Brain Behav Immun Health. 2023 Jun 10;30:100652. doi: 10.1016/j.bbih.2023.100652. eCollection 2023 Jul.
chronic infection is characterized by the establishment of tissue cysts in the brain and increased levels of IFN-γ, which can lead to brain circuitry interference and consequently abnormal behaviour in mice. In this sense, the study presented here sought to investigate the impact of chronic infection by two strains in the brain of infection-resistant mice, as a model for studying the involvement of chronic neuroinflammation with the development of behavioural alterations. For that, male BALB/c mice were divided into three groups: non-infected (Ni), infected with ME49 clonal strain (ME49), and infected with TgCkBrRN2 atypical strain (CK2). Mice were monitored for 60 days to establish the chronic infection and then submitted to behavioural assessment. The enzyme-linked immunosorbent assay was used for measurement of specific IgG in the blood and levels of inflammatory cytokines and neurotrophic factors in the brain, and the cell's immunophenotype was determined by multiparametric flow cytometry. Mice infected with ME49 clonal strain displayed hyperlocomotor activity and memory deficit, although no signs of depressive- and/or anxiety-like behaviour were detected; on the other hand, chronic infection with CK2 atypical strain induced anxiety- and depressive-like behaviour. During chronic infection by CK2 atypical strain, mice displayed a higher number of brain tissue cysts and inflammatory infiltrate, composed mainly of CD3 T lymphocytes and Ly6C inflammatory monocytes, compared to mice infected with the ME49 clonal strain. Infected mice presented a marked decrease of microglia population compared to non-infected group. Chronic infection with CK2 strain produced elevated levels of IFN-γ and TNF-ɑ in the brain, decreased NGF levels in the prefrontal cortex and striatum, and altered levels of fractalkine (CX3CL1) in the prefrontal cortex and hippocampus. The persistent inflammation and the disturbance in the cerebral homeostasis may contribute to altered behaviour in mice, as the levels of IFN-γ were shown to be correlated with the behavioural parameters assessed here. Considering the high incidence and life-long persistence of infection, this approach can be considered a suitable model for studying the impact of chronic infections in the brain and how it impacts in behavioural responses.

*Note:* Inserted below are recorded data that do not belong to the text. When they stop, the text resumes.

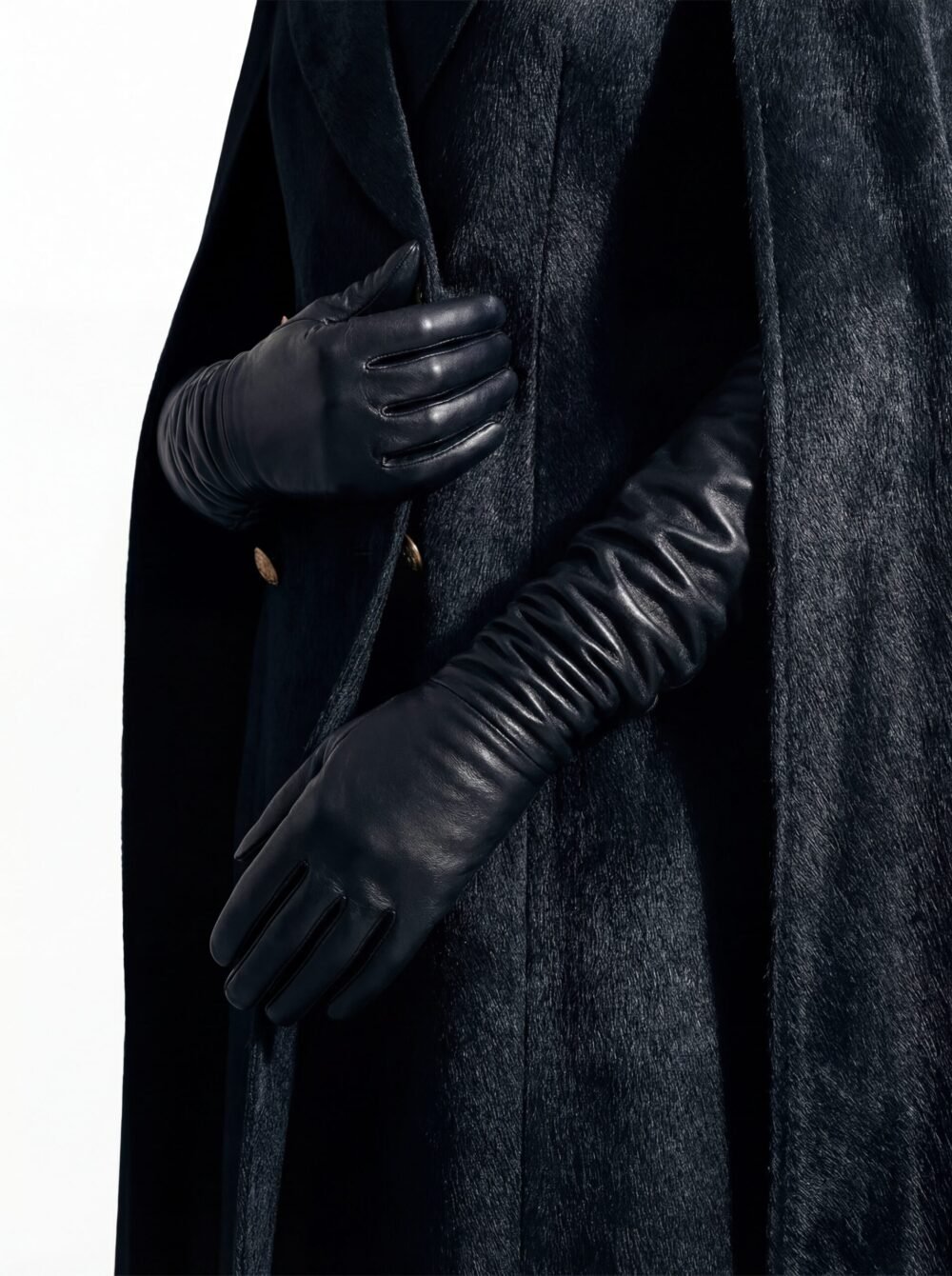 The interior is fully lined in black silk, chosen for its fluidity and contrast against the structured exterior. This duality creates a controlled drape, allowing the cape to move with authority while remaining precise and intentional.
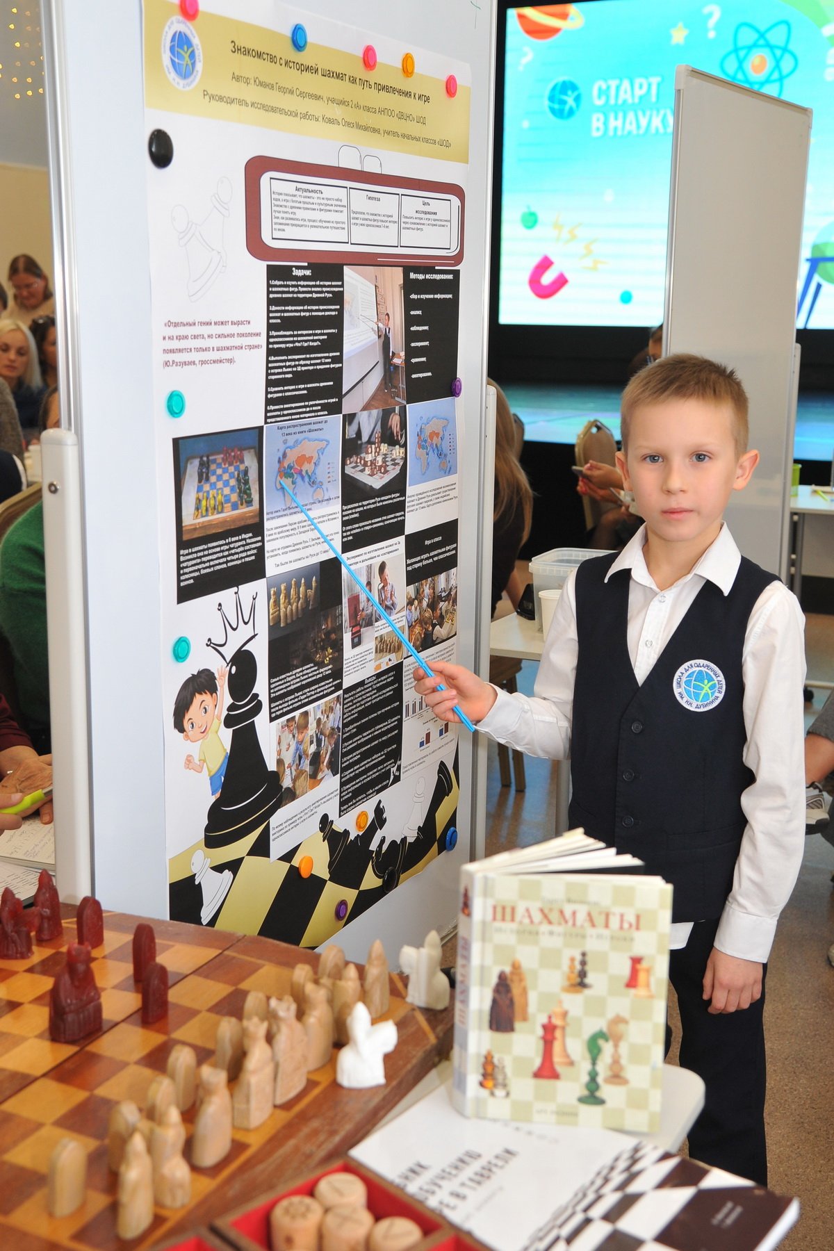 I место — ученик 2А класса Юманов Георгий, тема «Знакомство с историей шахмат как путь привлечения к игре» (руководитель Коваль О.М.)
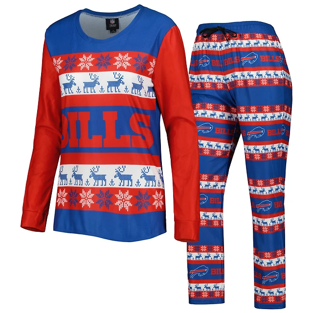 Women's FOCO Royal Buffalo Bills Wordmark Ugly Pajama Set
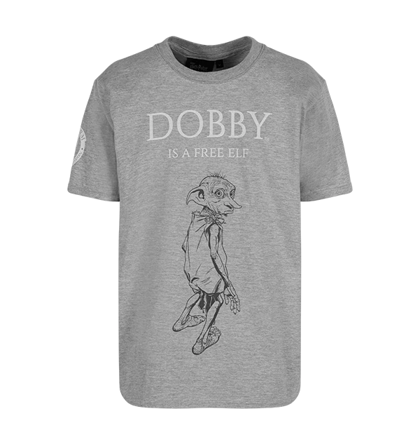A grey kids t-shirt featuring Dobby and the Platform 9 3/4 logo on the arm.

慢性感染的特征是在大脑中形成组织囊肿以及干扰素-γ水平升高,这会导致大脑神经回路干扰,进而使小鼠出现异常行为。从这个意义上讲,本研究旨在调查两种菌株的慢性感染对抗感染小鼠大脑的影响,以此作为研究慢性神经炎症与行为改变发展之间关系的模型。为此,将雄性BALB/c小鼠分为三组:未感染组(Ni)、感染ME49克隆株组(ME49)和感染TgCkBrRN2非典型株组(CK2)。对小鼠进行60天的监测以建立慢性感染,然后进行行为评估。采用酶联免疫吸附测定法测量血液中的特异性IgG以及大脑中炎性细胞因子和神经营养因子的水平,并通过多参数流式细胞术确定细胞的免疫表型。感染ME49克隆株的小鼠表现出运动活动亢进和记忆缺陷,尽管未检测到抑郁和/或焦虑样行为的迹象;另一方面,感染CK2非典型株会诱发焦虑和抑郁样行为。与感染ME49克隆株的小鼠相比,在感染CK2非典型株的慢性感染过程中,小鼠的脑组织囊肿和炎性浸润数量更多,主要由CD3 T淋巴细胞和Ly6C炎性单核细胞组成。与未感染组相比,感染小鼠的小胶质细胞数量明显减少。感染CK2株的慢性感染导致大脑中干扰素-γ和肿瘤坏死因子-α水平升高,前额叶皮质和纹状体中神经生长因子水平降低,前额叶皮质和海马体中趋化因子(CX3CL1)水平改变。持续的炎症和脑内稳态的紊乱可能导致小鼠行为改变,因为干扰素-γ水平与这里评估的行为参数相关。考虑到感染的高发病率和终身持续性,这种方法可被视为研究慢性感染对大脑的影响及其对行为反应影响的合适模型。